In Prof. Rosny Desroches' opinion, violence in Haiti is the consequence of both internal and external factors. Amongst the latter he mentions the fact that the country is on the transit route of drug trafficking from Colombia to the United States and Canada. This encouraged the formation of local gangs openly tolerated under the regime of President Jean-Bertrand Aristide. Endogenous factors include unemployment, which affects over 70 % of the youth, massive migration from rural areas to the cities, and a corrupted judicial system.

 

According to Desroches, who was minister of education between 1986 and 1987, there have been persistent accusations that judges continue releasing convicted criminals in exchange for large sums of money. The police has been accused of brutality and complicity in crimes. Vetting the judges and the purge of corrupt police officers are crucial to restore confidence in these institutions.

 

Yet Desroches referred to positive developments like the consolidation of civil and political rights, the strengthening of a civil society engaged in the struggle to overcome violence, and the promotion of a culture of rights - a process in which media is playing an important role.

 

Pastor Hyacinthe Junie, a member of the Protestant Federation executive board, said that the prevailing impunity fosters a spiral of violence in the country.

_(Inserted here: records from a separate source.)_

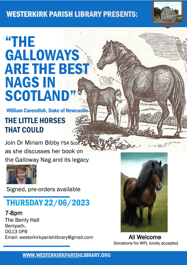Westerkirk Parish Library Galloway talk with Miriam Bibby Image Posted on May 28, 2023 by horsebackhistorian Share this: Click to share on X (Opens in new window) X Click to share on Facebook (Opens in new window) Facebook Click to share on LinkedIn (Opens in new window) LinkedIn Like Loading... Related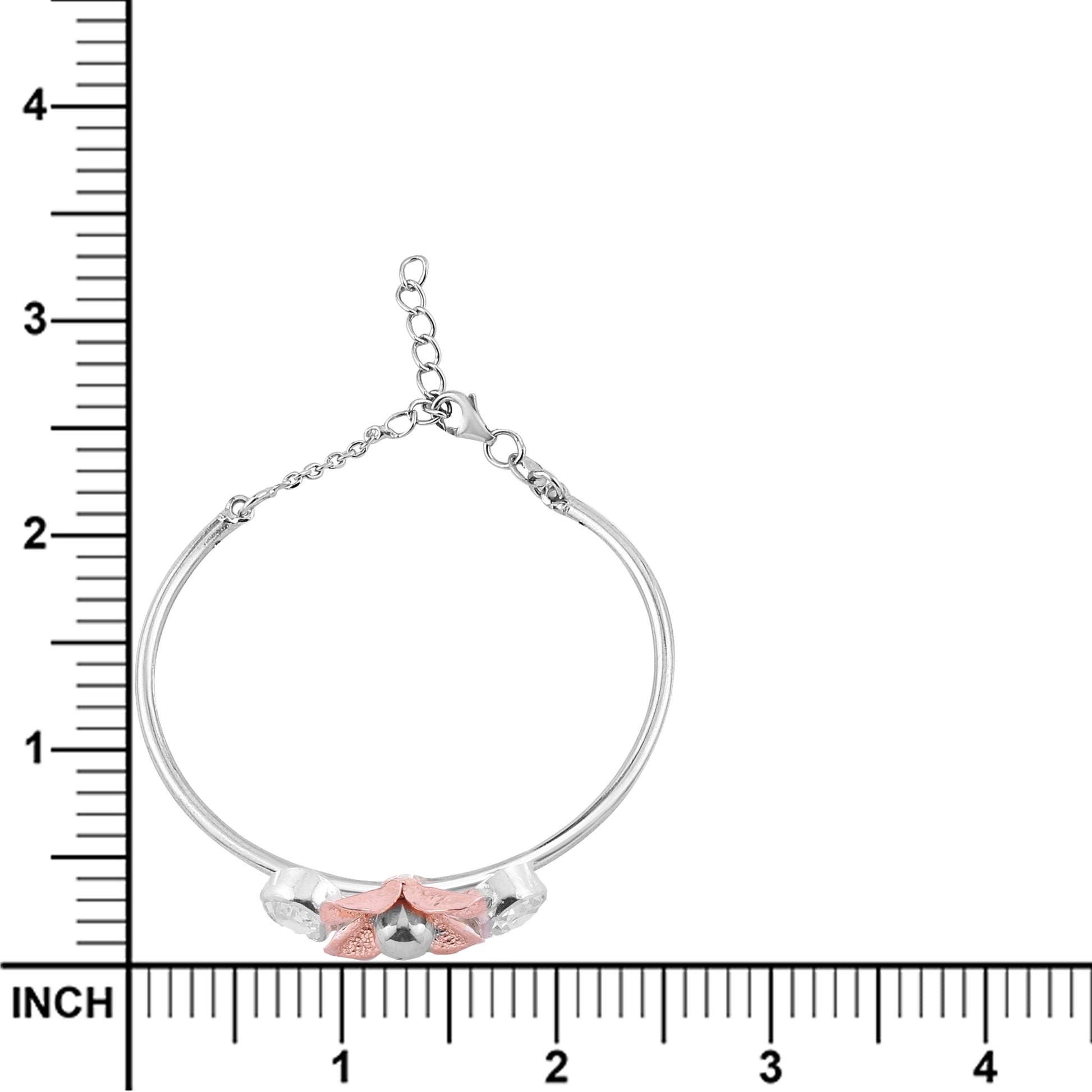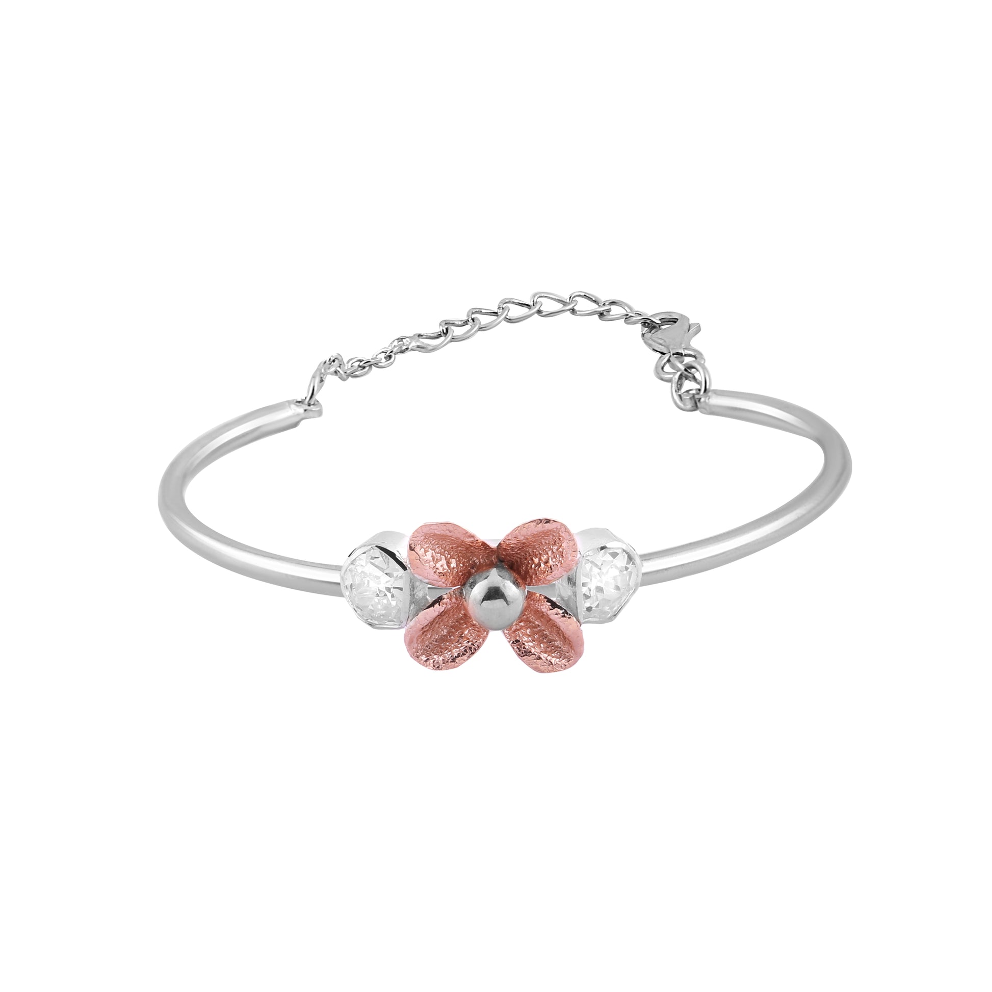 Where simplicity meets elegance in the most charming way. This bracelet features a softly sculpted rose gold flower nestled between two crystal clear stones, all gracefully arranged on a sleek silver band.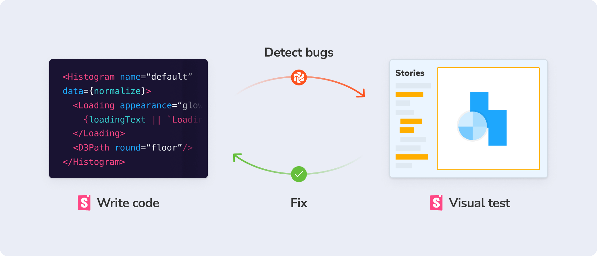 - The entire visual testing process is available when you need it the most: inside your component workshop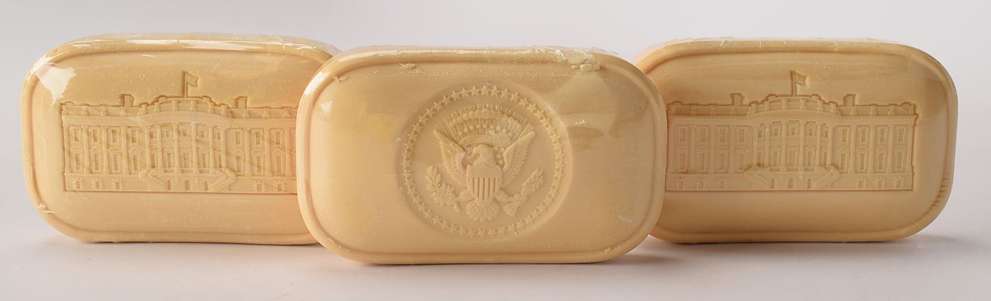 Boxed set of soap given to VIP guests at the White House during the Kennedy administration, measuring 7.5 x 4 x 1.25, containing three large bars of white soap (still sealed in their original wrappers), impressed with images of the White House on one side and the presidential seal on the other. The handsome white box is lined with gold foil and embossed on the cover with golden images of the White House and presidential seal, with "Presidential" inscribed in between. In fine condition.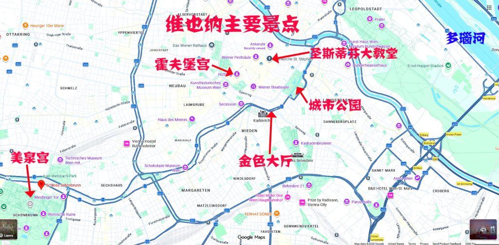 作为“音乐之都”,维也纳与莫扎特、贝多芬、舒伯特等大师紧密相连,金色大厅与国家歌剧院几乎是古典音乐的圣殿。重要地标包括 美泉宫(Schloss Sch?nbrunn)、霍夫堡宫(Hofburg Palace)、圣斯蒂芬大教堂(St. Stephen’s Cathedral) 以及环绕老城的 环城大道。古典与现代在此并行不悖,使维也纳既庄重,又宜居。20世纪80年代我们曾两次来过维也纳,此次也是故地重游。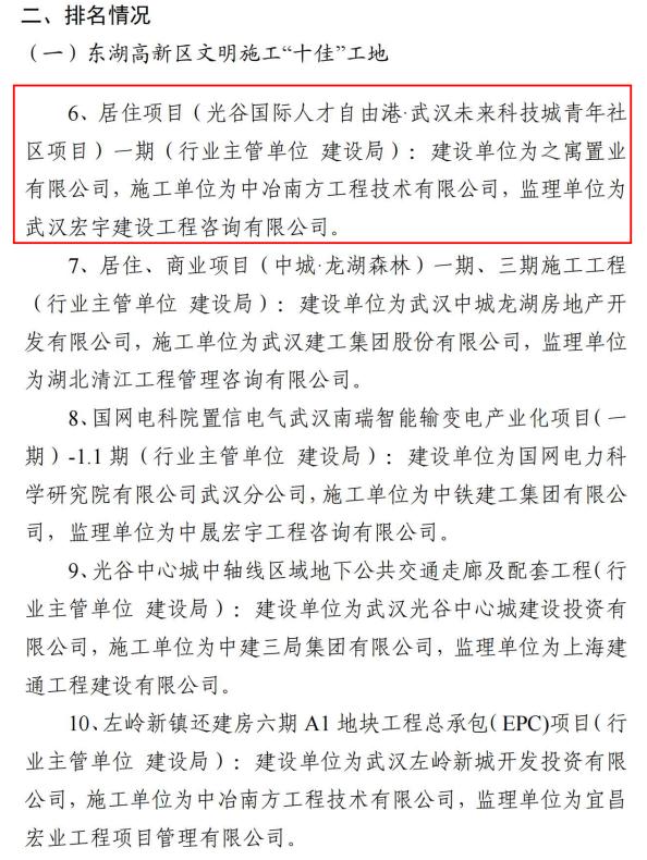 ? 根據(jù)東湖新技術(shù)開發(fā)區(qū)建設(shè)工地文明施工管理工作專班辦公室組織開展的區(qū)內(nèi)建設(shè)工地文明施工專項考評,之寓未來(武漢未來科技城青年社區(qū))項目被評為2021年7月東湖高新區(qū)文明施工“十佳”工地。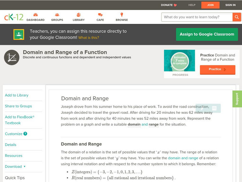 [Free Registration/Login may be required to access all resource tools.] This concept introduces how to find the domain and range of relations.
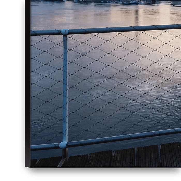 Two bicycles rest against the railing, facing the water and the city beyond. They function as silent witnesses of movement, while they themselves have come to a standstill. The river reflects the last light of the day, forming a gentle transition between foreground and skyline.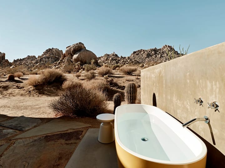 This exquisite cabin was designed by one of the leading modernist architects of our time, Ron Radziner, and is the ideal locale for a romantic escape or solo retreat. Modernist Cabin is on 5 acres surrounded by boulders, adjacent to Joshua Tree National Park. It seamlessly combines luxury w/ mid-century design and has been featured on the cover of the LA Times Home Section and in many books and magazines. A stay here is like staying inside the park, with unparalleled 360 degree desert vistas.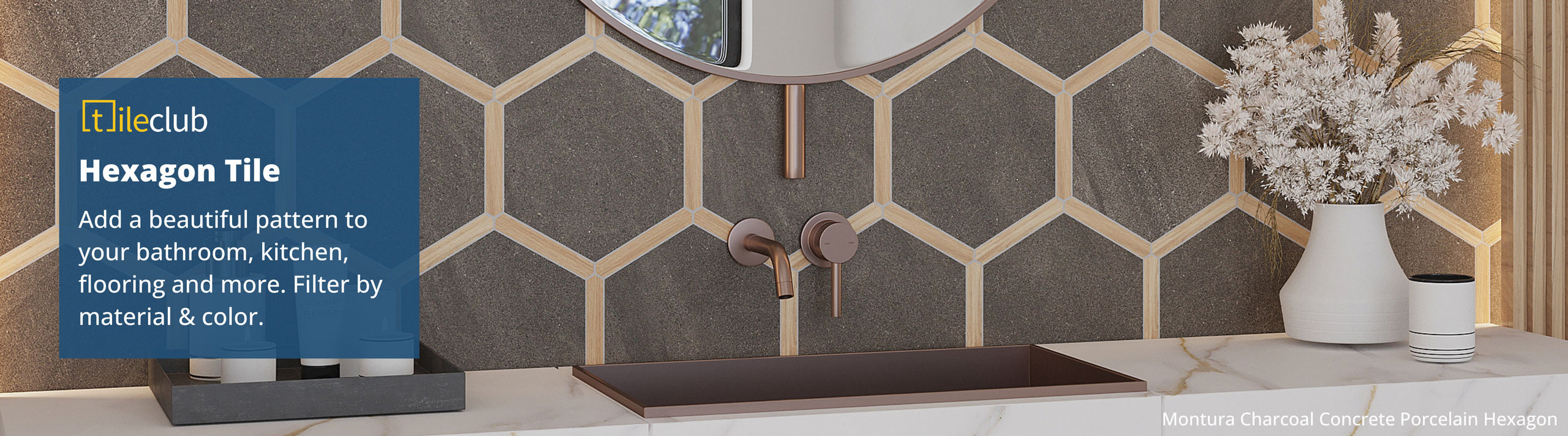Explore hexagon tile for floors, walls, backsplashes, bathrooms, and more with Tile Club’s collection of timeless geometric surfaces. Hexagon tile is a strong choice for spaces that want shape and personality without leaning too ornate, offering a look that feels both classic and current. With options in marble, glass, ceramic, porcelain, shell, and recycled glass, this collection makes it easy to bring a more design-forward pattern into a wide range of interiors.

When justice is lacking, some people opt to oppose violence with more violence, asserted Junie, one of the three writers of a comprehensive report on kidnapping in Haiti.

 

A number of civil society movements have joined together in the National Fight against Kidnapping and organized protest marches in Port of Prince and Cap-Haitien, whereas the Citizens Forum, which will celebrate its ninth assembly this December, is focusing its attention in issues like mediation and reconciliation.

 

In this context, churches can also contribute through the formation of peacemakers, people who will not solve the conflicts by recurring to violence, said Exantus. "We may be a positive factor in the formation of citizens who are conscious of belonging to a community founded upon the respect to human rights and that seeks the commonwealth," he underlined.

 

The WCC Living Letters delegation to Haiti is meeting a broad range of organizations, experts, politicians, church leaders and congregations. Until 2010, several Living Letters visits take place each year throughout the world in the context of the WCC's Decade to Overcome Violence in order to prepare for the International Ecumenical Peace Convocation to be held in Jamaica in 2011.